FSI or Floor Space Index, is a critical factor, a much used acronym, in the real estate world. Its regulation, trade, transfer, purchase and sale, through a complex web of transactions, at times bypassing civic rules, exploiting regulatory loopholes, is in many ways, what this city is about. Bombay's slums, land mafia, real estate rates and housing issues are famous. Who owns land, who occupies it and who exploits it, informs almost everything in his ravenous city – from town planning, civic reform, urban re-housing/development, infrastructure projects, road-works, drain & sewerage works, to organized crime, mainstream politics and the exercise of power (notably, controversial DCR 58 mill redevelopment amendment, ongoing slum rehabilitation scams, and the more recent Adarsh Housing Society scam).

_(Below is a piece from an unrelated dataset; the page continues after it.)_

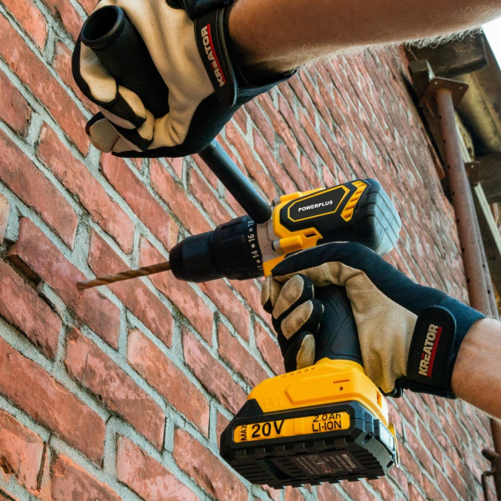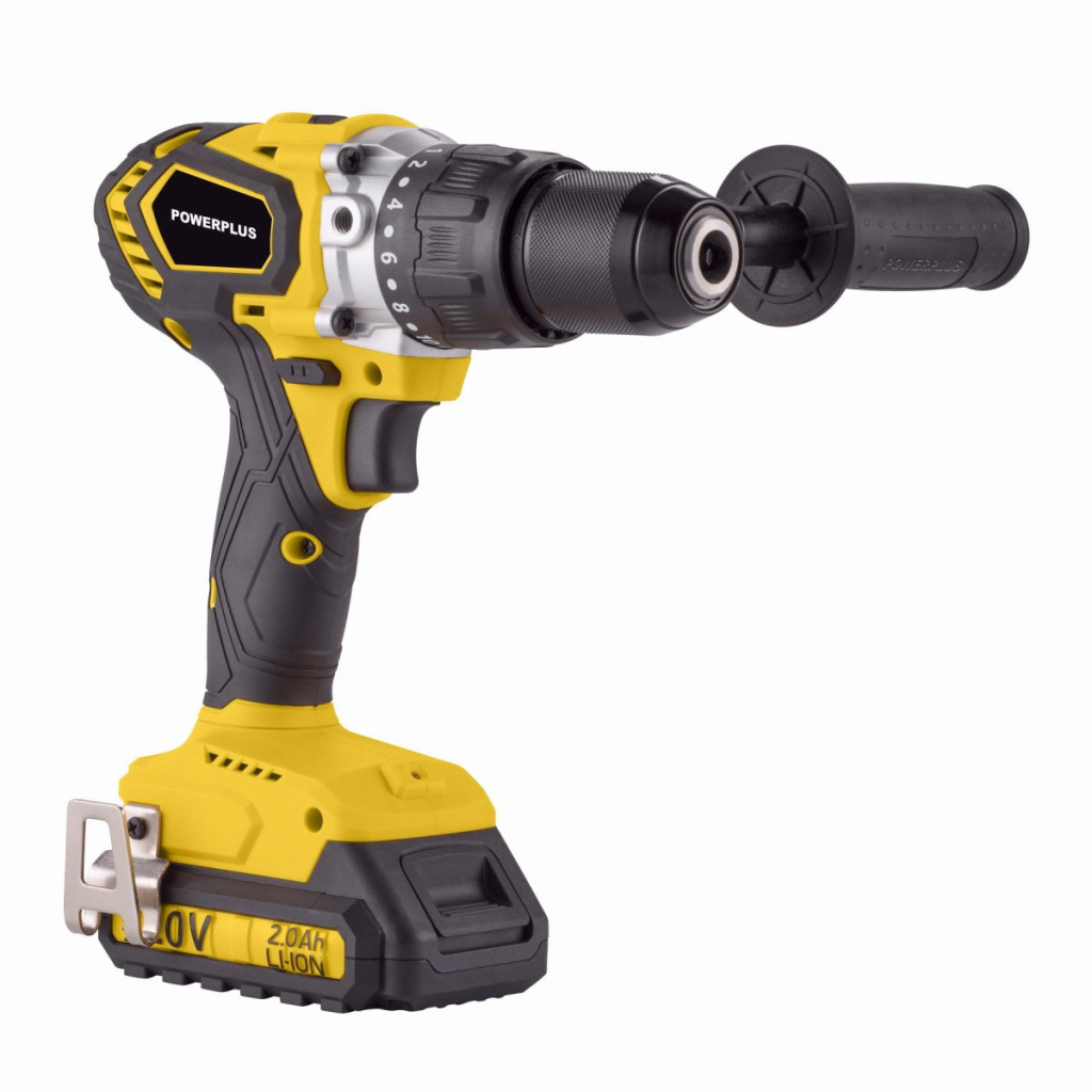 Tato akumulátorová 20V bezuhlíková příklepová vrtačka/šroubovák POWX00530 od PowerPlus je ideální pro všechny náročné projekty v domě a kolem něj, které vyžadují šroubování nebo (příklepové) vrtání. S maximálním točivým momentem až 120 Nm je důležité při (příklepovém) vrtání vždy používat přídavnou rukojeť. Tím se zabrání vážným zraněním. Co můžete s touto příklepovou vrtačkou/šroubovákem dělat? Tato příklepová vrtačka/šroubovák je výkonný všestranný pomocník, který lze použít jak pro vrtání, tak pro šroubování. S jeho pomocí můžete bez námahy vrtat až 65 mm do dřeva, 13 mm do oceli a 16 mm do betonu. Vyberte si ze 2 různých nastavení rychlosti a 20 nastavení točivého momentu, abyste plně přizpůsobili nástroj vašemu projektu. Nejvyšší nastavení otáček (0 min-1 – 2000 min-1) je pro vrtání a nižší otáčky (0 min-1 – 600 min-1) pro šroubování. S maximálním točivým momentem 120 Nm tato příklepová vrtačka a šroubovák výrazně převyšuje své konkurenty z hlediska výkonu. Tento nástroj zvládne tvrdší materiály, dokáže pracovat s delšími šrouby a vrtat větší otvory. Praktický přepínač otáček vlevo/vpravo použijte k upevnění nebo povolení šroubů. Stroj je vybaven systémem pozvolného rozběhu, který způsobuje postupné zrychlení motoru. To je bezpečnější a poskytuje větší kontrolu. Pokud se něco pokazí, rychlé zastavení okamžitě vypne nářadí, aby byl zajištěn bezpečný provoz za všech okolností. Ochrana proti přetížení zabraňuje přehřátí a přetížení elektromotoru. Automaticky vypne motor, když dojde k prudkému zvýšení teploty. Přídavná rukojeť poskytuje ještě pevnější úchop a můžete ji připevnit vlevo nebo vpravo, takže nástroj můžete vždy uchopit v nejpohodlnější poloze. Stroj je dodáván v kufru včetně 2ks baterií 2.000 mAh a nabíječky.

It is these thoughts that weigh heavy on my mind, as I walk down Dr Peter Dias Road, named after Peter Anastasio Dias, a prominent local resident who became mayor of Bombay in 1953, and who was also responsible for Bandra’s first drainage system, on my way home. It has been a pleasant enough walk, rudely interrupted now and then by blaring car horns. The familiarity, the mostly unchanging routine, does not adequately heed what is incrementally revealed, for every single walk accounts for something. Or so I hope. It is also Good Friday, and once prayers and thoughtful reflections are dispensed with, celebrations are in order. Good enough for me.